— EXERCISE OBJECTIVE —
Below are entries; output exactly the lines from the one with "طقم طاولة طعام مع 6 كراسي سطح بورسلان فاخر" to the one with "- Rapuano, R.;", both included, and nothing else.

— MATERIALS PROVIDED —
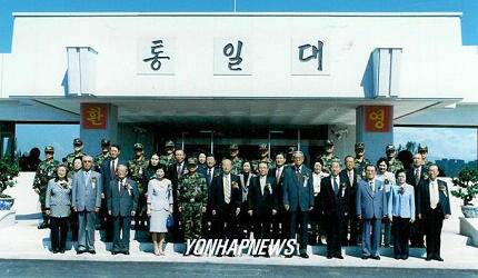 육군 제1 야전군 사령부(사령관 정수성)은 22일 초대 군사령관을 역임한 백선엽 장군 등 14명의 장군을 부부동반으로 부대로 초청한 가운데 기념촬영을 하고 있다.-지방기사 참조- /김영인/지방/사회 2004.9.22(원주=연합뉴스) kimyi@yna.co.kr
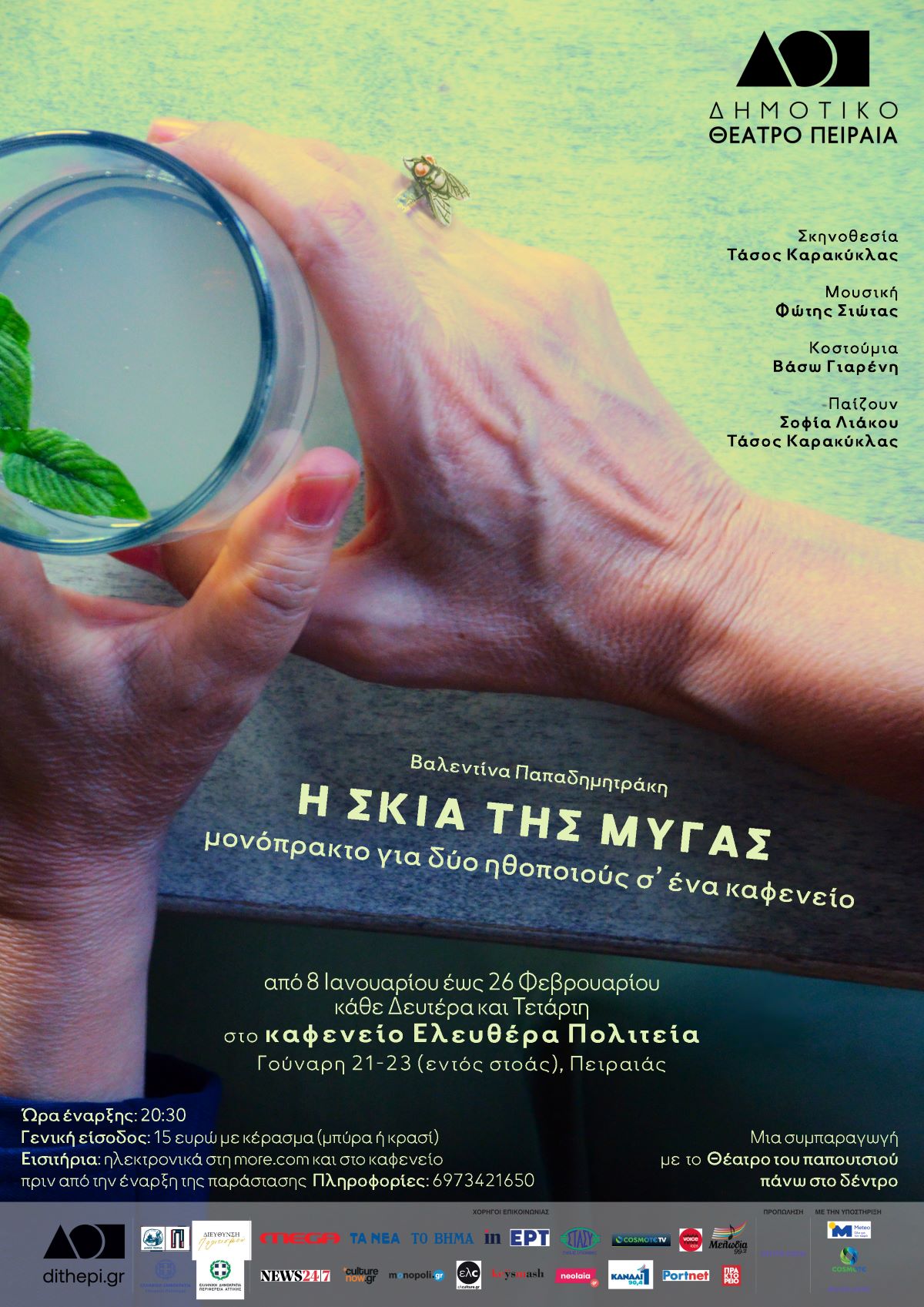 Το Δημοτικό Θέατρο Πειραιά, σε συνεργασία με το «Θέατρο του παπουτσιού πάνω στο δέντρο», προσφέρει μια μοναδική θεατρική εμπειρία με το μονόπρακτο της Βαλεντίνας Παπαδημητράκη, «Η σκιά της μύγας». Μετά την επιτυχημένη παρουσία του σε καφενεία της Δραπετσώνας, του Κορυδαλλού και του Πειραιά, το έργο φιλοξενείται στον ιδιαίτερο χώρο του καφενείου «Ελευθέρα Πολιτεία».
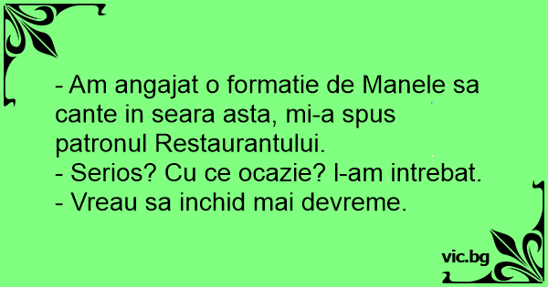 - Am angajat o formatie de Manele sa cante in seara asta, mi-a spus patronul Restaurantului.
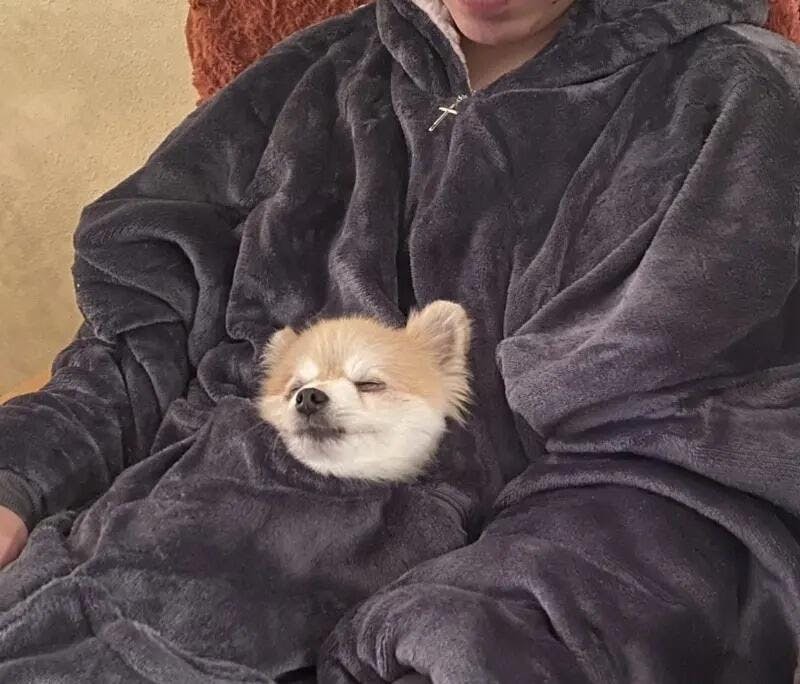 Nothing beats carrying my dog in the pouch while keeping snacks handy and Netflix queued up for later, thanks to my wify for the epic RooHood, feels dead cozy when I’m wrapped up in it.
...
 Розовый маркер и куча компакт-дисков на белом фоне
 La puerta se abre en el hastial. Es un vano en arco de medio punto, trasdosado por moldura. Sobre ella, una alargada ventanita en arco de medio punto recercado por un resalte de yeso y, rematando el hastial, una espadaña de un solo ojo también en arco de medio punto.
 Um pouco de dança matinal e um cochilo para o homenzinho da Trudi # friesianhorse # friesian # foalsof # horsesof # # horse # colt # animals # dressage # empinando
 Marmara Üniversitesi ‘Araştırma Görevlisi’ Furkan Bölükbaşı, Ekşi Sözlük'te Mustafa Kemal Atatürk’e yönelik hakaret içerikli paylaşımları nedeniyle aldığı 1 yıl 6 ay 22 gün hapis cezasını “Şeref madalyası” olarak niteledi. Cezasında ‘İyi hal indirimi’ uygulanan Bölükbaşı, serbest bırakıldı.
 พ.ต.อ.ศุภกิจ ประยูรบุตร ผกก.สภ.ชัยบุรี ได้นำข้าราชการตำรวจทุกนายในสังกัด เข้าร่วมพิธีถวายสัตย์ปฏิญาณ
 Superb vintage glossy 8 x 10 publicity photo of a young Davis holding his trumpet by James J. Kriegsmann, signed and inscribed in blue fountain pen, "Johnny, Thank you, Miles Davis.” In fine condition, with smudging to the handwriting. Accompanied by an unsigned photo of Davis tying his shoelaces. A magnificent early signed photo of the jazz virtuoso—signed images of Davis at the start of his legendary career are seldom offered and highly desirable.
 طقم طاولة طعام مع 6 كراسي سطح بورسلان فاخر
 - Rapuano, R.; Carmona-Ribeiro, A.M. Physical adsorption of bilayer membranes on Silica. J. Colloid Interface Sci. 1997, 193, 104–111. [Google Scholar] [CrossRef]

— ANSWER FOR THE TASK —
 طقم طاولة طعام مع 6 كراسي سطح بورسلان فاخر
 - Rapuano, R.; Carmona-Ribeiro, A.M. Physical adsorption of bilayer membranes on Silica. J. Colloid Interface Sci. 1997, 193, 104–111. [Google Scholar] [CrossRef]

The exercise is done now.